(Records contained in a dataset)
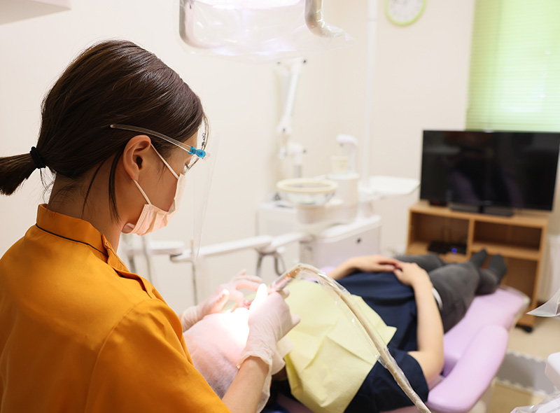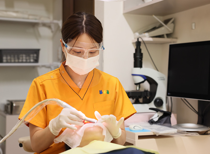 設備のひとつに、マイクロスコープを導入している当院。日本顕微鏡歯科学会認定医である副院長は基本的に、すべての治療にマイクロスコープを使用しています。日本の歯科医院におけるマイクロスコープの普及率は、10%と言われています。まだまだ普及しているとは言い難い状況ですが、当院では院長や副院長がマイクロスコープの重要性を深く理解しているため、こうした先進医療機器を積極的に導入し、「精密治療」に取り組んでいます。歯科衛生士が担当する処置についても、希望すればマイクロスコープを使用したスケーリングやPMTCの指導を行います。
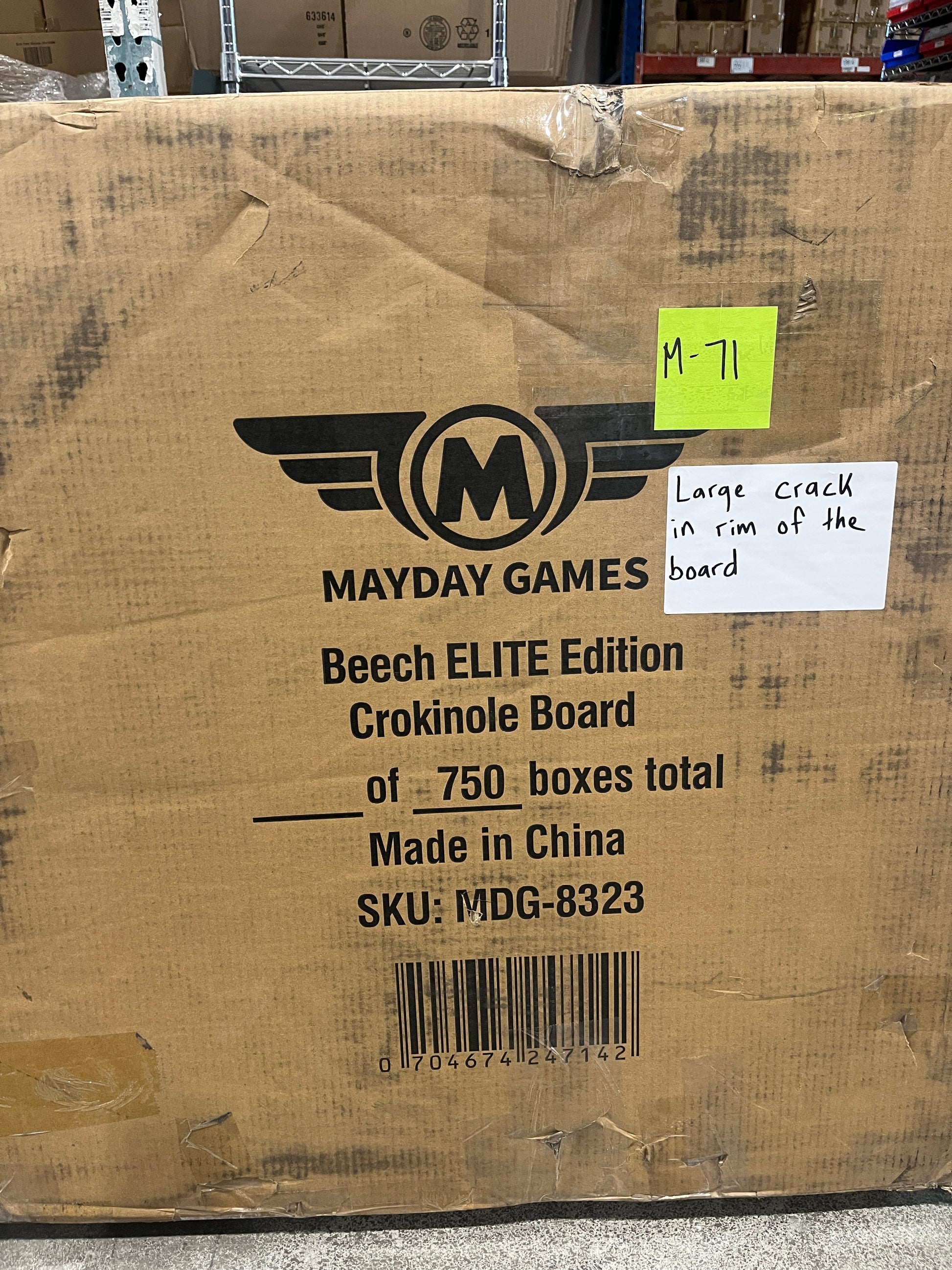 The boards consist of a 26" diameter playing surface + 2 inch ditch + 1/4 inch rim = 30.50 inches in total diameter and 3 inches thick. The game will come double boxed in a box with dimensions of 34.5 X 34.5 X 4.5 Inches and weights in at a massive 17.4 pounds (7.9 KG). Yes these are HUGE! Our boards meet the The World Crokinole Championship™ specifications which are:
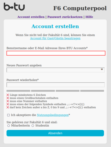 - Go to the page https://gw2.bauwesen.b-tu.de/portal/f6-resetpassword
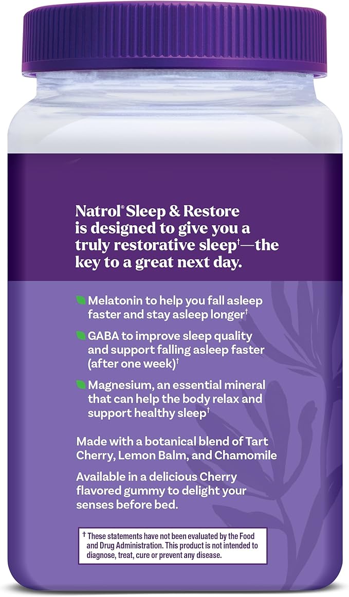 Natrol Sleep + Restore Magnesium Glycinate Blend Gummies with Melatonin 5mg - Calm Magnesium with GABA, Botanical Blend, Cherry Flavor, 60 Gummies
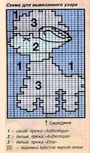 Вывязанный узор: вязать лицевой гладью по схеме. На схеме даны лицевые и изнаночные ряды. 1 клетка = 1 п. Каждый цветной участок вязать от отдельного клубка и при смене цвета нити на изнаночной стороне работы перекрещивать.
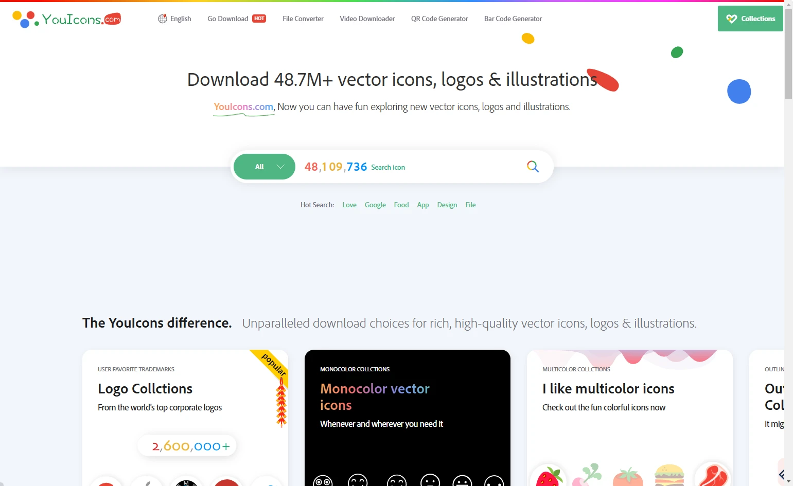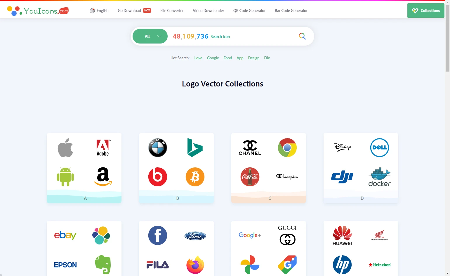 站点图标数量还是很多的,根据官方显示,里面有超过4810万个图标,这么多图标我相信总会有你需要的,而且首页里面很多都是大厂的图标,对于一些建站用户肯定用得到。
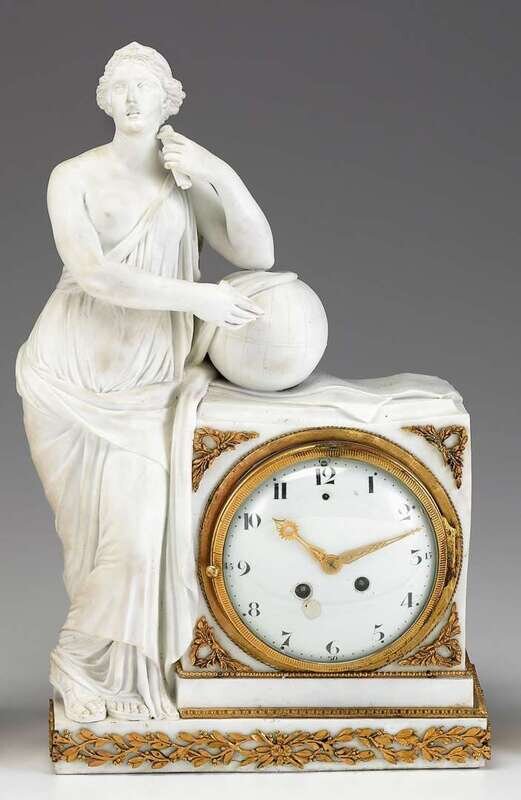 The classical female figure emblematic of Geography standing beside a globe, the white enamel clock face with Arabic numerals with a gilt bezel and wreath spandrels, raised on a plinth base mounted with entwined garlands.
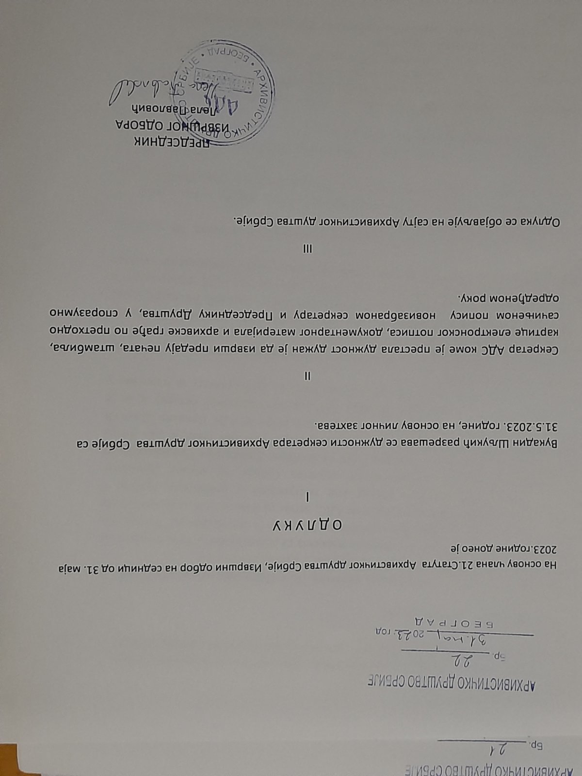 I У том смислу, разрешен је дужности секретар АДС Вукадин Шљукић, архивист из Државног ахрива Србије закључно на дан 31. мај 2023. године. Одлука
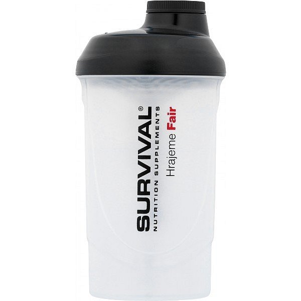 Šejkr Survival je transparentní barvy s černým uzávěrem i malým šroubovacím víčkem. Na šejkru je nápis Survival Hrajeme Fair v černo-červeném provedení. Po stranách jsou rysky v ml/oz pro odměření. Objem šejkru je 600 ml. Šejkr obsahuje mřížku pro lepší rozmíchání nápoje.
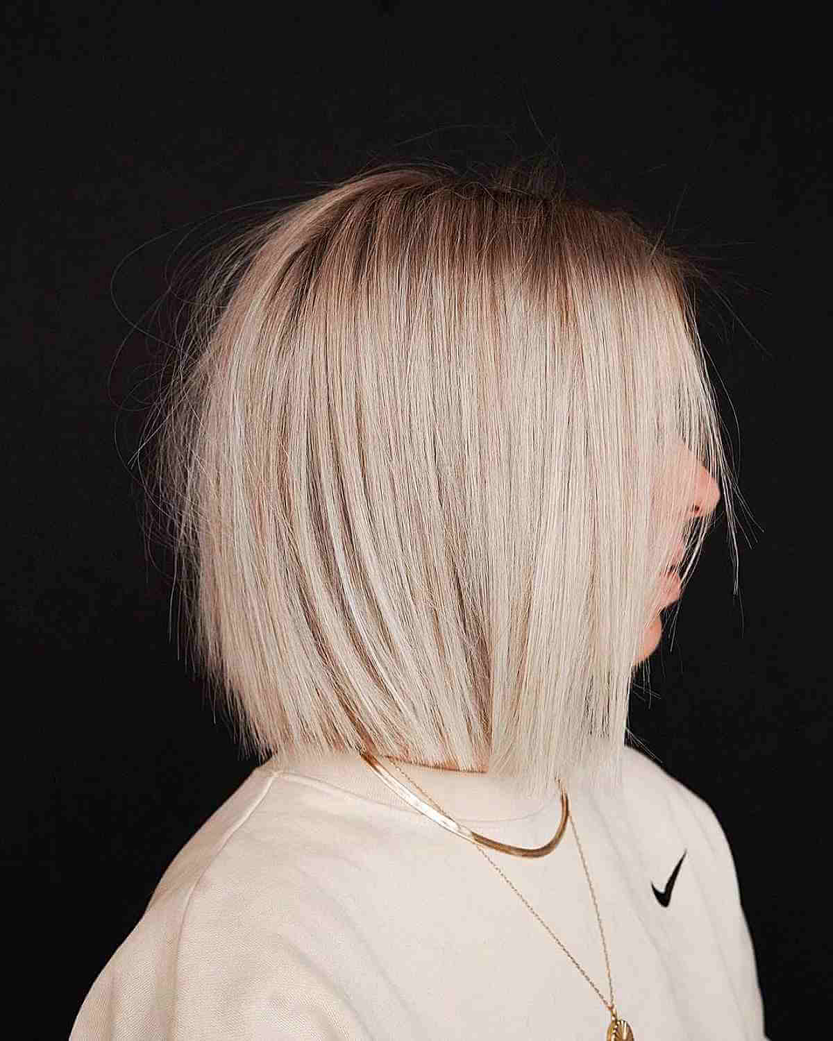 A light blonde long bob with darker roots is ideal for women seeking a sophisticated hairstyle with a contemporary twist. Maintaining darker roots with your blonde will not only enhance depth and dimension to your hair, but it will also allow for a more natural growth process if you naturally have darker hair. This shadow root can be beautifully blended into your blonde hair so you can extend the time between salon visits.
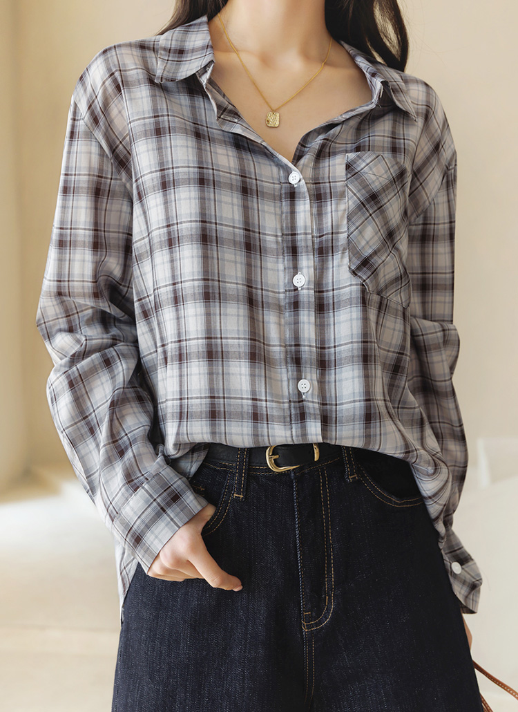 내추럴하면서도 세련된 무드를 완성해주는 체크 셔츠예요

* Exercise description *
Would you give again, exactly as written, the lines from the one containing "- Go to the" through the end of the records, with no pictures and no other lines?

* Problem solution *
 - Go to the page https://gw2.bauwesen.b-tu.de/portal/f6-resetpassword
 Natrol Sleep + Restore Magnesium Glycinate Blend Gummies with Melatonin 5mg - Calm Magnesium with GABA, Botanical Blend, Cherry Flavor, 60 Gummies
 Вывязанный узор: вязать лицевой гладью по схеме. На схеме даны лицевые и изнаночные ряды. 1 клетка = 1 п. Каждый цветной участок вязать от отдельного клубка и при смене цвета нити на изнаночной стороне работы перекрещивать.
 站点图标数量还是很多的,根据官方显示,里面有超过4810万个图标,这么多图标我相信总会有你需要的,而且首页里面很多都是大厂的图标,对于一些建站用户肯定用得到。
 The classical female figure emblematic of Geography standing beside a globe, the white enamel clock face with Arabic numerals with a gilt bezel and wreath spandrels, raised on a plinth base mounted with entwined garlands.
 I У том смислу, разрешен је дужности секретар АДС Вукадин Шљукић, архивист из Државног ахрива Србије закључно на дан 31. мај 2023. године. Одлука
 Šejkr Survival je transparentní barvy s černým uzávěrem i malým šroubovacím víčkem. Na šejkru je nápis Survival Hrajeme Fair v černo-červeném provedení. Po stranách jsou rysky v ml/oz pro odměření. Objem šejkru je 600 ml. Šejkr obsahuje mřížku pro lepší rozmíchání nápoje.
 A light blonde long bob with darker roots is ideal for women seeking a sophisticated hairstyle with a contemporary twist. Maintaining darker roots with your blonde will not only enhance depth and dimension to your hair, but it will also allow for a more natural growth process if you naturally have darker hair. This shadow root can be beautifully blended into your blonde hair so you can extend the time between salon visits.
 내추럴하면서도 세련된 무드를 완성해주는 체크 셔츠예요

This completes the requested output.